The Receptionist runs to Goth Teen, ripping the ipod from his ear and shaking him frantically, "Help her! Do something!".

Goth Teen looks at her calmly, and with a small smile responds, "I am doing something." One of the crows lands on his shoulder and he pets it affectionately.

"You! What are you?" Receptionist whispers as she backs against the wall.

"Just someone who tires of waiting," Goth Teen, snaps his fingers and all the crow stop their feasting and looks at Goth Teen. With a small smile, Goth Teen subtlely indicates the Receptionist.

"Nooooooo!," the Receptionist shrieks as she starts to flee. CCAAAWWW! The crows flock to her like a giant black vortex, encircling her with such a force that her feet are lifted from the ground. The crows tear into her, hitting several arteries as blood sprays the walls like red paint. Her screams die down as the crows release her. Her mutilated corpse falling to the floor.

Goth Teen looks at her corpse, thoughtfully. Most of her flesh was gone, her bones glinting white through what was left of her clothes.

"Oh, my God!" the Dentist gasps as he entered the room.

"Well, it looks like I'm next, huh Doc?" Goth Teen grins, clapping a hand on the Dentist's shoulder as he walks back towards the exam rooms. The Dentist just crumples to his knees in horror. A crow hops towards the Dentist. CAW!


The End. :)
A very fun scene. You characters were quite realistic and I liked the twist of the goth teen being the evil one. The deaths were quite similar but were still fun and gory. You were also the only one to opt for killing the older woman, which was slightly refreshing.

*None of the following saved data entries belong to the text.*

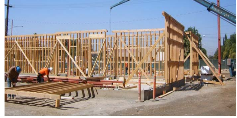
September 2011—With concrete foundation slab poured and cured, rough framing of first floor science building is underway

The building's central staircase and bridge are exposed steel. The main staircase wraps around an elevator tower with a canopy consisting of exposed cantilevered steel beams and corrugated metal roof. The stair is protected by steel mesh screens and its canopy rises high above the other roofs of the building to form an entry tower for the west side of the campus. The tower also supports large scale school signage.
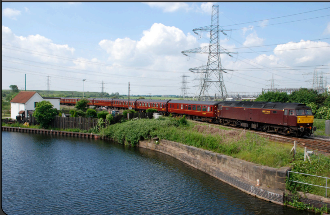
Below: Class 66 056 is in charge of 1259 Holyhead to Carmarthen, The Heart of Wales Scenic Rambler, as it passes Burgs Lane, Bayston Hill with 66 090 was on the back, June 5th.
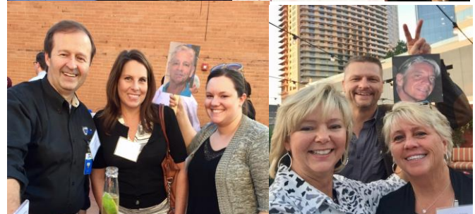
Notice anyone's face that appears in every picture?
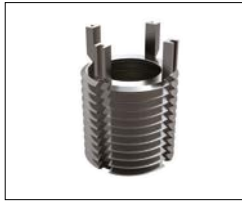
22002 - Heavy Duty - Metric Use installation tool no. 22062.
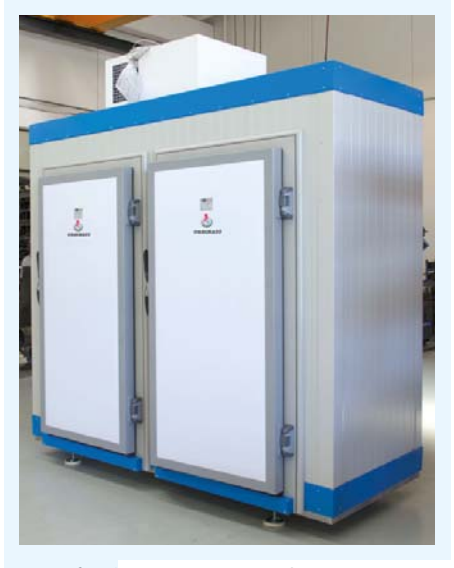
Room for the preservation of seeds .

Prefabricated isothermic rooms with advanced technical solutions.
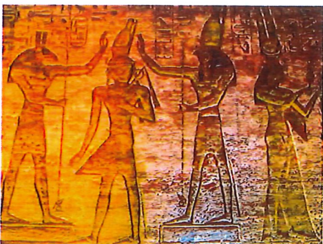
Stone carvings, Temple of Abu Simbel

Buried for years in the sand until being discovered in 1813, the temple was built along the banks of the Nile River and had to be moved with the creation of the Aswan High Dam. In a remarkable feat of engineering, the temple complex was dismantled in 1960 and rebuilt on a higher hill in Lake Nasser, one of the largest manmade reservoirs in the world.

Unfortunately, the idea of birds being murderers in large numbers and pecking out eyes has been done before, as you know, so you lost points for creativity there. I did like the way you had the birds controlled by somebody, however. But as with Scouse Mac, presenting it as a story put you in a tricky position. You had a person killing so you needed to explain his motives in some way, but you didn't want it too character focused. I think you dealt with this well by having him have very few motives, similar to Michael Myers. Your marks were,

Creativity: 1/3
Logic: 3/3
Perception: 2/3

You, like the others, chose to have a concluding paragraph showing what you made happen after the deaths, which was not needed. However, your one seemed to fit the best. However, your task was you creating two deaths in the scene, not telling a story. The idea is that you are sitting just outside of their world orchestrating events. Everything you made happen afterwards was not necessary. These were people you were controlling, and though I refer to them as characters in my marking, they were not. They were people in a world who you took control of. So, even though yours did fit the best, I could not justify giving you more marks than the other two for perception.

Your overall marks were 6/9. Be pleased, you did very well. And there are more challenges where each of you can do better...or worse. We will find out.